# Why the last outage?



## Gez (Jun 4, 2003)

Just curious about what caused the problem this time.


----------



## Hand of Evil (Jun 4, 2003)

Arrrrr.  Here at work I have been doing graphs and figures on system availability, no matter how I explain it, no matter what the numbers, management also says it was beyond their control and outside forces! 

That is my take on it...outside forces...yep, going with that.


----------



## Blacksway (Jun 4, 2003)

Blacksway waits to see what other reasons people can come up with, knowing full well he has the answer in the palm of his hand (not literally!)


----------



## rigur (Jun 4, 2003)

Some sort of program update maybe, some board functions have behaved funky.


----------



## Morrus (Jun 4, 2003)

I know, I know!


----------



## Henry (Jun 4, 2003)

MISTER BlackSway!
MISTER Morrus!
That will be quite enough!

Perhaps both of you would like to SHARE your chewing gum with the class?
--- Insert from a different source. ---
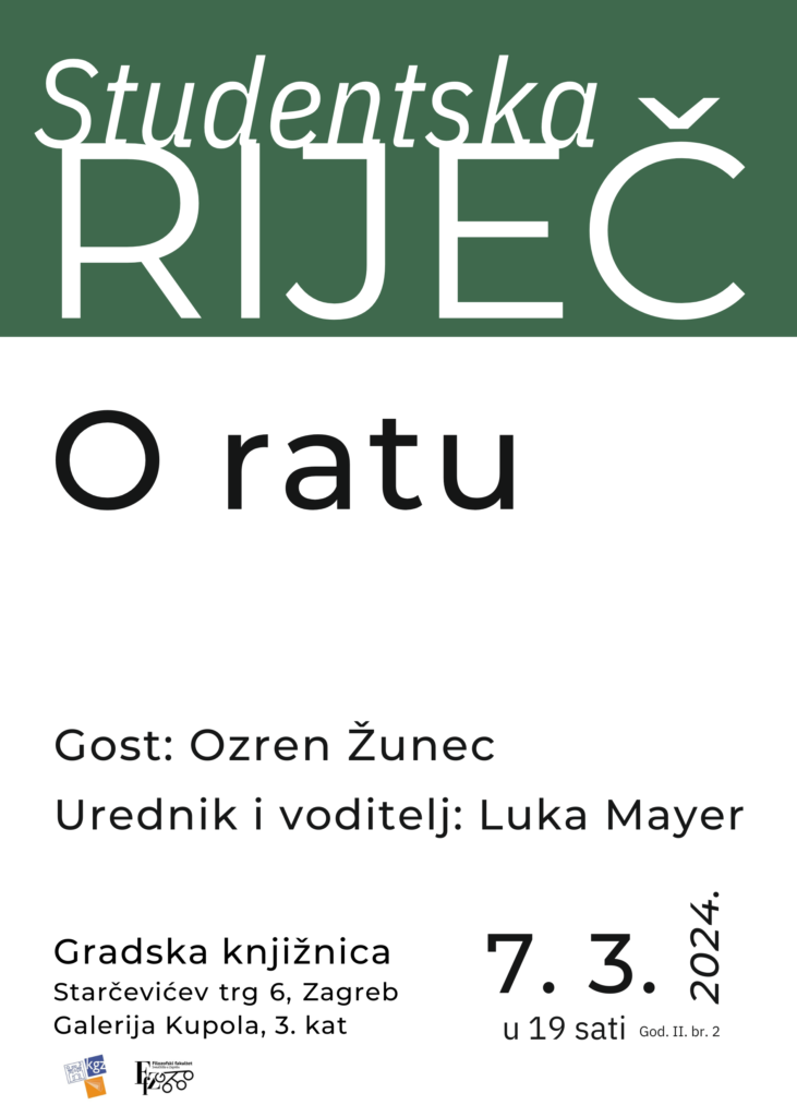 Obavještavamo vas da je tribina Studentska riječ: O ratu, koja se trebala održati 7. ožujka 2024. u Gradskoj knjižnici, nažalost odgođena zbog bolesti sudionika. Novi termin bit će objavljen naknadno. O ratu Povratak rata u Europu nakon desetljeća mira, trenutna kriza na Bliskom istoku, tenzije oko Tajvana, sveprisutna prijetnja nuklearnog sukoba i druga nedavna događanja dovela su do …

Hmmm?


----------



## Mathew_Freeman (Jun 4, 2003)

Argh! The database errors! Please make them stop! 

Hope it's something not-expensive, guys. And thanks for working hard to sort it out.

You did work hard to sort it out, I presume?


----------



## alsih2o (Jun 4, 2003)

everythign is still kinda screwy tho, people responses are not showing up in the forum tally


----------



## Blacksway (Jun 4, 2003)

oh dear.. thought i'd fixed it...


trying again...


----------



## Ravellion (Jun 4, 2003)

Or on the 'last poster' field either. It's quite hard to keep track of threads this way (Non accusatory, really!).


----------



## Piratecat (Jun 4, 2003)

Blacksway, do you want me to close the boards while you fix this?


----------



## Blacksway (Jun 4, 2003)

Might help - the fix is taking quote a while to run... I'll turn it back on when I'm done!


----------



## Ravellion (Jun 4, 2003)

Or on the 'last poster' field either. It's quite hard to keep track of threads this way (Non accusatory, really!).


----------



## Blacksway (Jun 4, 2003)

Boards should be back up now - hopefully thats it fixed!


----------



## Mathew_Freeman (Jun 4, 2003)

Thanks very much! All better now...


----------